+++ Data block

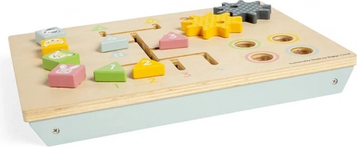Miza vključuje vrsto dejavnosti, ki podpirajo zgodnji razvoj: otroci lahko z lesnim kladivcem zabijajo klinčke, preizkušajo zatezanje navojnih vijakov z živalskimi glavicami, vrtijo lesena zobnika ali vstavljajo oštevilčene trikotnike v prave odprtine. Igrača je izdelana iz etično pridobljenega FSC® lesa in izpolnjuje veljavne evropske varnostne standarde.
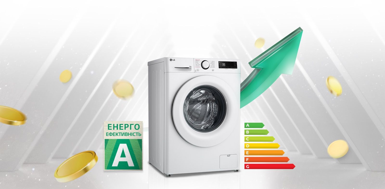 Пральна машина LG фронтальна, 8кг, 1200, A, 48см, дисплей, пара, інвертор, білий
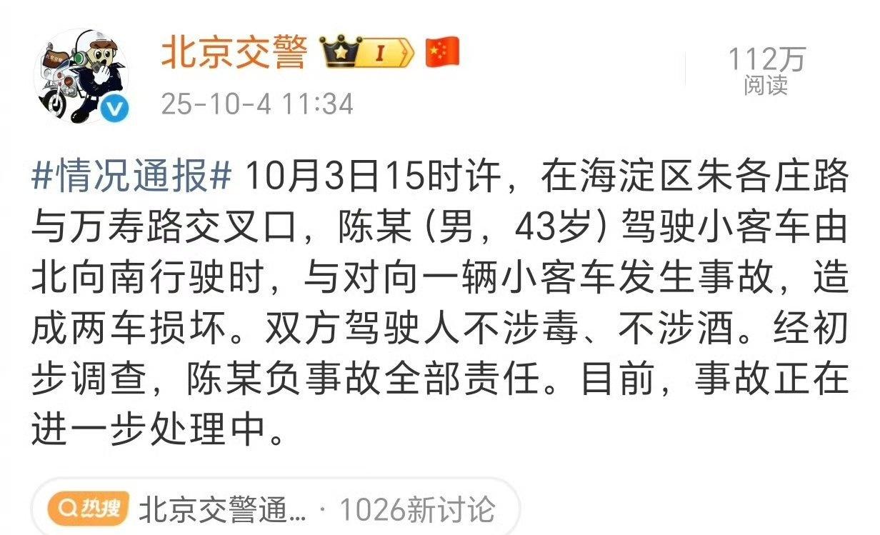 这个时间点发个荣耀的广子,也不知道对品牌方是好是坏。另外北京交警已发通告,认定陈震负全责,并未提及比亚迪车人员的伤情,应该是不严重。等着赔钱吧。

++++++

■ **The problem**
When you copy the listing above, reproduce every line exactly and skip the images.

■ **Task answer**
Miza vključuje vrsto dejavnosti, ki podpirajo zgodnji razvoj: otroci lahko z lesnim kladivcem zabijajo klinčke, preizkušajo zatezanje navojnih vijakov z živalskimi glavicami, vrtijo lesena zobnika ali vstavljajo oštevilčene trikotnike v prave odprtine. Igrača je izdelana iz etično pridobljenega FSC® lesa in izpolnjuje veljavne evropske varnostne standarde.
 Пральна машина LG фронтальна, 8кг, 1200, A, 48см, дисплей, пара, інвертор, білий
 这个时间点发个荣耀的广子,也不知道对品牌方是好是坏。另外北京交警已发通告,认定陈震负全责,并未提及比亚迪车人员的伤情,应该是不严重。等着赔钱吧。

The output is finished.